Our society bears a huge burden when it comes to confining criminals. The prisons are overflowing, and the costs are stupendous (I believes it's somewhere around $40,000 per year per prisoner).
How can this problem be solved? Also, what's to be done in a truly libertarian society? How would we deal with criminals?
Just the fact that drugs wouldn't be a crime assures a much smaller prison population
Keeping in mind, that majority of criminals are in prison for non-violent crimes, I don't see a big problem here at all. This violent minority can be easily dealt with private institutions and social/economical ostracism.
(english is not my native language, sorry for grammar.)
rosstaylor:How can this problem be solved? Also, what's to be done in a truly libertarian society? How would we deal with criminals?
Move the focus of justice a way from "punishment" which does nothing for the victims, and instead focus on restitution.
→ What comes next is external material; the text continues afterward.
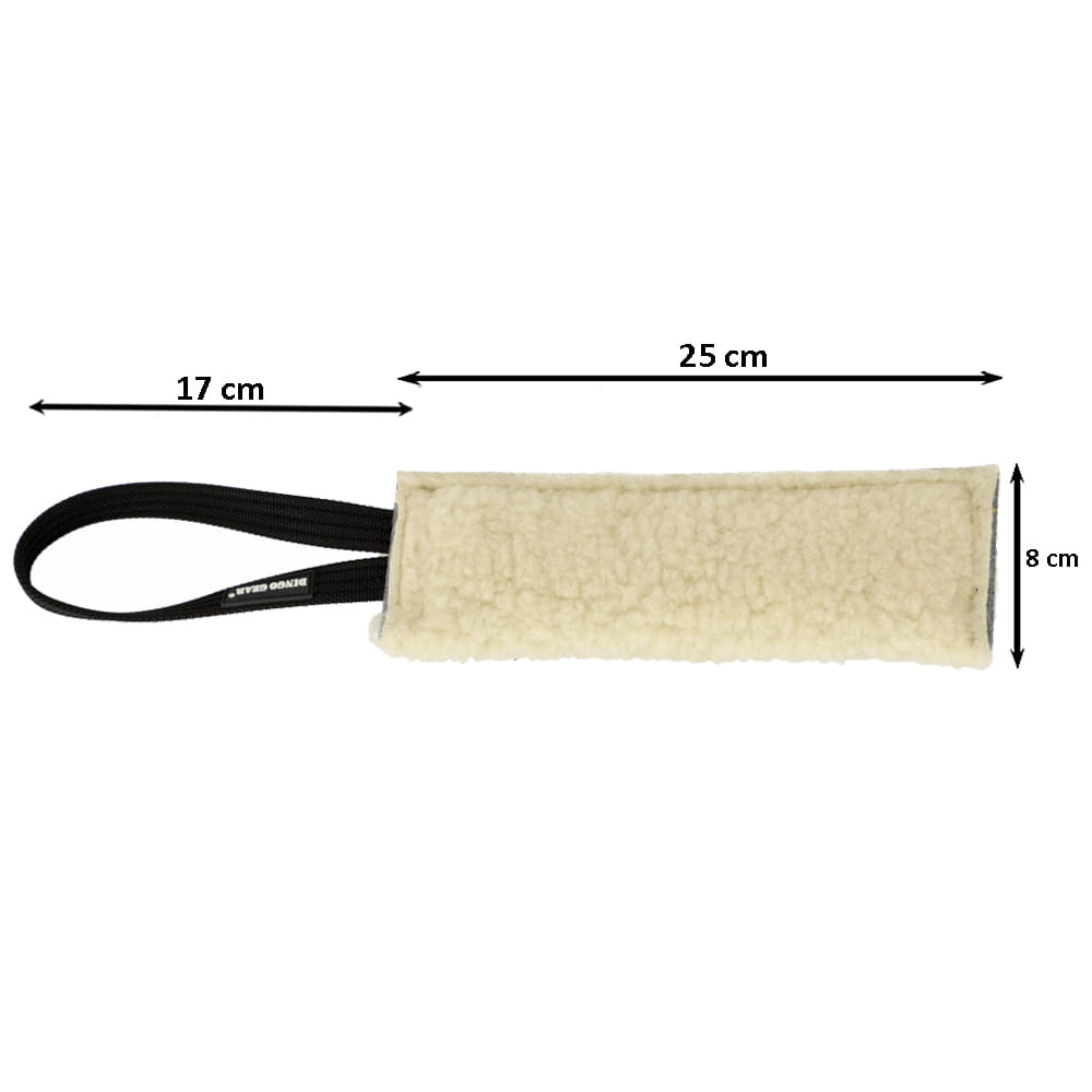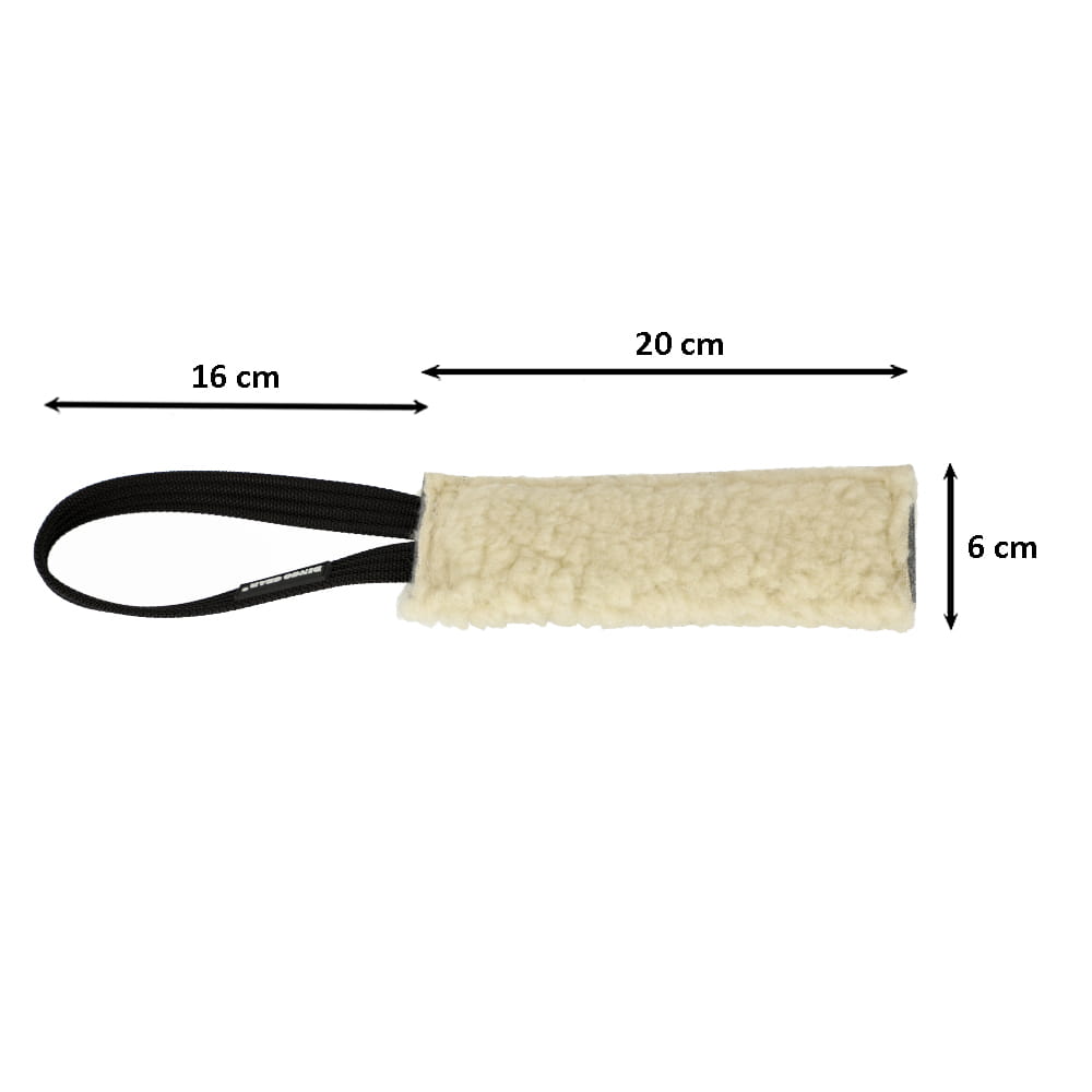 Szarpak pluszowy z owczej wełny o dużej miękkości znajduje zastosowanie podczas nauki gryzienia i przy zabawie jako specjalistyczny produkt treningowy dla szczeniaków*. Przetestowano go pod kątem funkcjonalności, a następnie został zaakceptowany przez trenerów szkolących czworonogi w profesjonalnych ośrodkach europejskich. Ponieważ wiemy, jak istotna jest wytrzymałość szarpaka podczas szkoleń, zadbaliśmy o każdy szczegół, wytwarzając go precyzyjnie, ręcznie.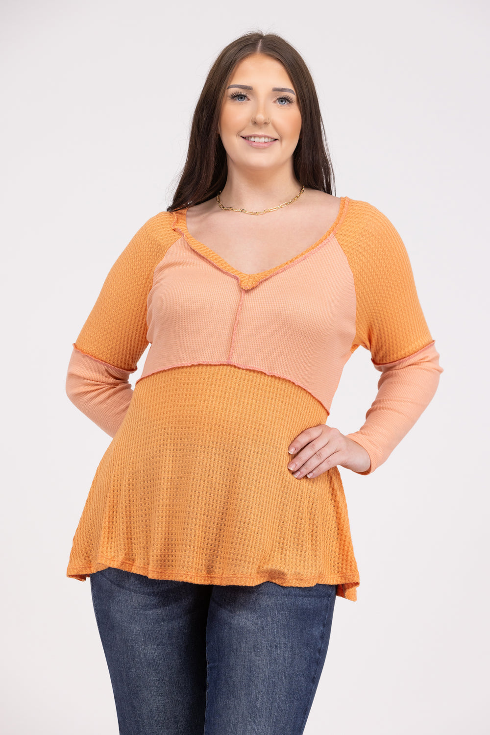 The Take Me On A Trip Long Sleeve Top from White Birch is so comfy it'll have you ready to take a trip anywhere! This color-blocked top features a v-neckline with exposed stitching and waffle knit fabric. Perfect with denim or your favorite lounge pants!

This would inherently eliminate the problem of victimless crimes.
As it stands now, a thief may steal and destroy a certain sum of property from a victim. The only restitution the victim can expect is to pay room and board via taxes to house the criminal in a jail. The legal system should instead be focusing on how to bring monetary compensation back to the victim, the criminal would then be obligated to find some way of paying back his dept To the victim.
For some reason our society seems to think that justice only comes about via torture, pain, and wrist slapping. IMO it's an adolescent belief at best.
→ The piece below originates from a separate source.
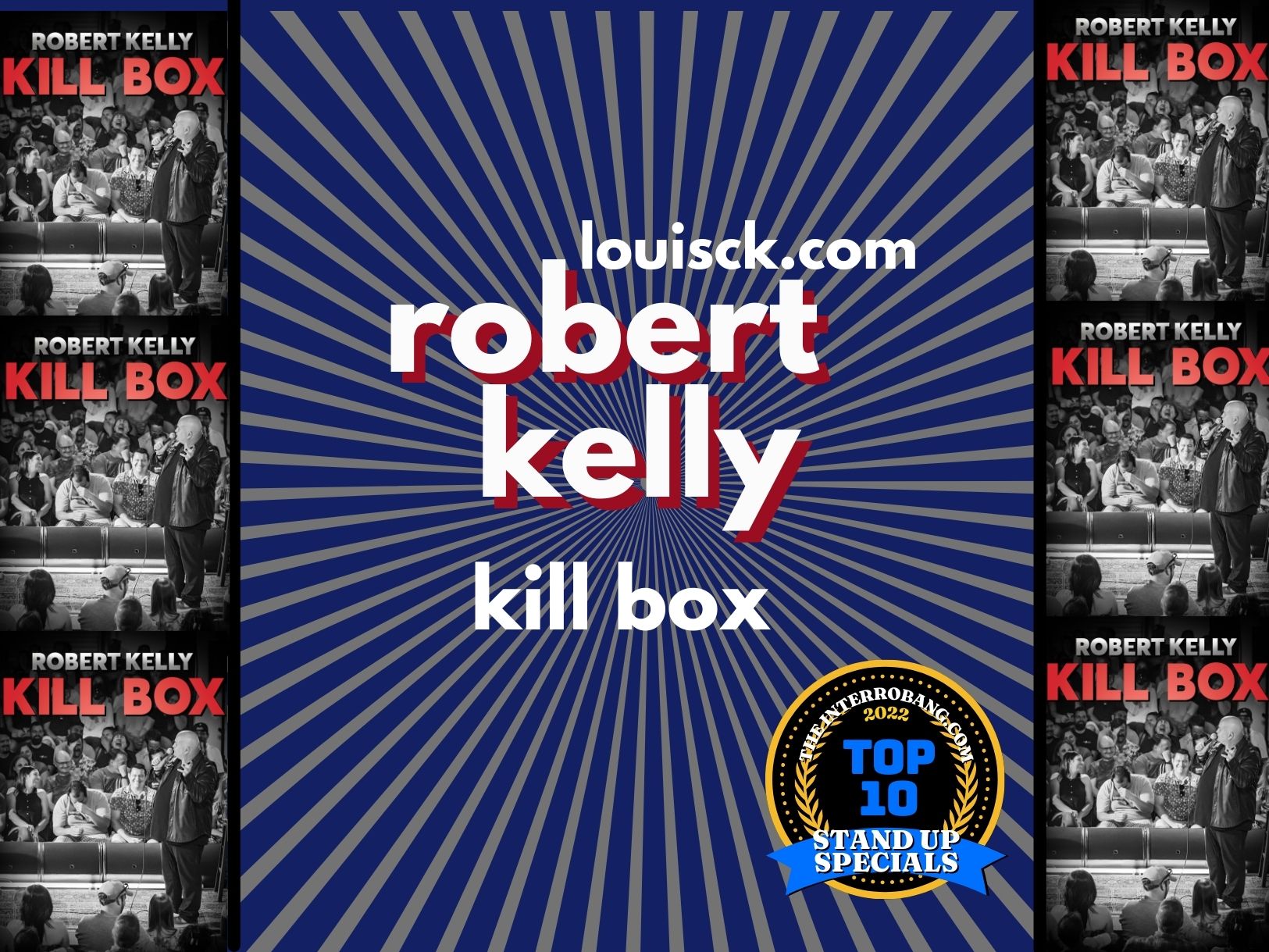 ROBERT KELLY. KILL BOX.  LOUISCK.COM.  One of the funniest comedians touring today, yesterday and tomorrow, Robert Kelly has put together a special that will leave you out of breath from laughing so hard. He starts out funny and ends like a fireworks finally.  No one owns the stage like Bobby Kelly and he wouldn’t and couldn’t put out a special unless he was certain he had given a killer performance. His infamously funny snow tubing story is peak Bobby, and yet he somehow even surpasses that with a story about getting intimate with his wife on a car ride home from Tony Roma’s.  And we love Kelly’s candid stories about raising his son in a cultural climate that’s very different from his own childhood.  Taped in Tampa Florida with a live band on stage, Bobby Kelly shares stories that WILL make you blush, and WILL make you laugh, and WILL make you tell your friends they need to buy it.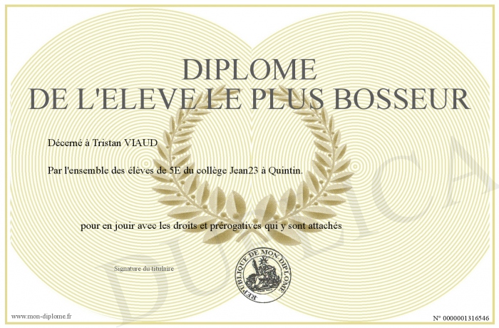 Envoyez par email votre Diplôme de l'élève le plus bosseur personalisé

I recently posted in this forum on that very subject. "Crime and Punishment in an Anarcho Capitalist Society". Please give it a read and let me know what you think.
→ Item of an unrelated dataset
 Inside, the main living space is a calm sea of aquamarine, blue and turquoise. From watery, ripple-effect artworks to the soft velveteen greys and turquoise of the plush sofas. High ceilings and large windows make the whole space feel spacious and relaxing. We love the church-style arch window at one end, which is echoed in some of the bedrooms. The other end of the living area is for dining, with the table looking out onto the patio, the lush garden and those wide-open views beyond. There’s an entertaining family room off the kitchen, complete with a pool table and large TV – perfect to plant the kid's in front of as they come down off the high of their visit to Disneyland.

Check out the chapter on police and courts in For A New Liberty.
http://mises.org/rothbard/foranewlb.pdf
Richard Maybury wrote in his book Whatever Happened to Justice?:
Many Americans today believe that law and government are nearly the same thing, but this is incorrect. Law and government are different institutions and don't necessarily go together. Early common law judges had no connection with government. So could a criminal simply walk away? Yes and no. If they refused to pay restitution to the victim, the judge would use a procedure called outlawry. He'd say, "We will not force the law on you. But since you don't accept the responsibilities of the law, neither shall you have its protections. From now on your legal status will be no different from that of a rabbit or any other wild animal outside the law." Then anyone could hunt him down and kill him or take his things or enslave him. It was none of the court's business. The victim might even hire a bounty hunter to track the criminal down and sell him as a beast of burden to other individuals or corporations.